The COVID-19 shutdowns have ravaged rural health care. 

Gov. Roy Cooper’s administration froze elective surgeries to prepare for an onslaught of coronavirus patients and at the same time destroyed a major revenue source for hospitals. 

The shutdown cut medical services and weakened rural hospitals.

Those hospitals lost millions while waiting for COVID-19 hospitalizations to spike in their communities. But that surge hasn’t materialized. 

Cooper has signaled he will refreeze elective surgeries if hospitals become overwhelmed. If that happens, the damage to rural public health may be irreversible.  

Rural hospitals were fragile, even before the pandemic. The longer Cooper shutters the economy, the slimmer their chances of financial recovery. Some rural hospitals won’t exist after the pandemic subsides.

For three years, bad luck has dogged Lumberton’s hospital. It endured three hurricanes, a lightning strike, a steady rural exodus, statewide shutdowns, and a global pandemic.

“We believed this was our turnaround year, to get back to the positive side of those things,” said Joann Anderson, president of Southeastern Health in Robeson County. “And then COVID hit. What was supposed to be our turnaround was actually catastrophic.”

For Martin General Hospital in Williamston, the past few months have been devastating. In April, revenue plunged roughly 40%. They dropped 30% in May. Elective surgeries are the “bread-and-butter” of rural hospitals. Without them, hospitals founder, says John Jacobson, interim chief executive officer.

“That’s the lifeblood of a small, rural hospital,” Jacobson told Carolina Journal. “We run pretty thin margins out here in the rural community. It’s not a high-profit business. Being able to break even is our goal.”

Even as the state prepares for the next coronavirus surge, rural hospitals are cutting services or reducing staff. Patients in the most underserved areas will suffer. 

Cooper’s shutdowns already shuttered services and clinics across Robeson County, where Southeastern Health serves one of the largest and poorest counties in North Carolina. Three in 10 residents live in poverty and rely on Medicaid for coverage. The county covers more than 900 square miles. 

The hospital lost $17 million. It closed a handful of offices and a clinic on the outskirts of its service area. It had already slashed salaries, projects, benefits, and expenses. It closed 236 job positions, Anderson told CJ.

“In the beginning of COVID, it was as if we had a hurricane every month,” Anderson said. “If we went back to Phase One again, that’s another huge financial hit. I hate to use the word ‘catastrophic.’ … But you can’t weather that many storms in one year and be financially OK.”

Already, hospital closures are up from last year, said Mark Holmes, director of the University of North Carolina’s Cecil G. Sheps Center for Health Services Research. 

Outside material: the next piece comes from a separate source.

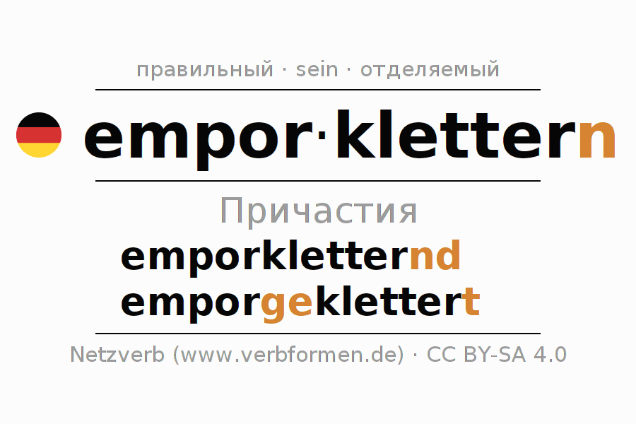 Формами причастия emporklettern (взбираться, подниматься) являются: {PARTIZIP 1}, {PARTIZIP 2}

“The nightmare scenario is that the damage of this wipes out health care provider infrastructure,” Holmes said. “Hospitals close, clinics dry up, people quit the profession … a dramatic decline in access, and it won’t be equitable.” 

For Robeson County residents, losing the local hospital would mean driving 30 minutes or more to get care. Patients on Medicaid would lose their coverage when crossing into South Carolina. But Anderson says closing the hospital is still a distant possibility. 

Hugh Chatham Memorial Hospital in Elkin fared better than others. Its surgical volumes cratered as much as 60% during the shutdown. Bad debt and charity care soared $1 million past their levels during the past year. But the hospital is stable and its reserves intact, Paul Hammes, CEO of Hugh Chatham Memorial Hospital, told CJ.  

Even without backsliding, Hammes expects a slow recovery. Patients remain wary, and hospital leaders fear the damage of shutdowns will be permanent. They worry mass unemployment could dismantle patients’ coverage and their ability to afford care. 

Congress sent rural hospitals billions in federal relief. But that money is like an inflatable lifeboat, says Holmes. At some point, it will run out of air. 

Even now, rural hospitals say federal relief falls short of the need. Bigger health systems sucked up much of the funding, leaving less for rural, independent hospitals, the Charlotte Observer reported

North Carolina gave $30.9 million to 17 rural hospitals in hardship payments. The state accelerated supplemental payments to all hospitals. The state Department of Health and Human Services submitted a plan to allow Medicaid payments to offset Medicaid losses due to COVID-19. The department is waiting for federal approval, spokeswoman Kelly Connor said in an email. 

“I don’t think it’s enough to cover anyone’s losses at this point,” Dr. Roxie Wells, president of Cape Fear Valley Hoke Hospital, told CJ. “We will respond because that’s what’s required of us.”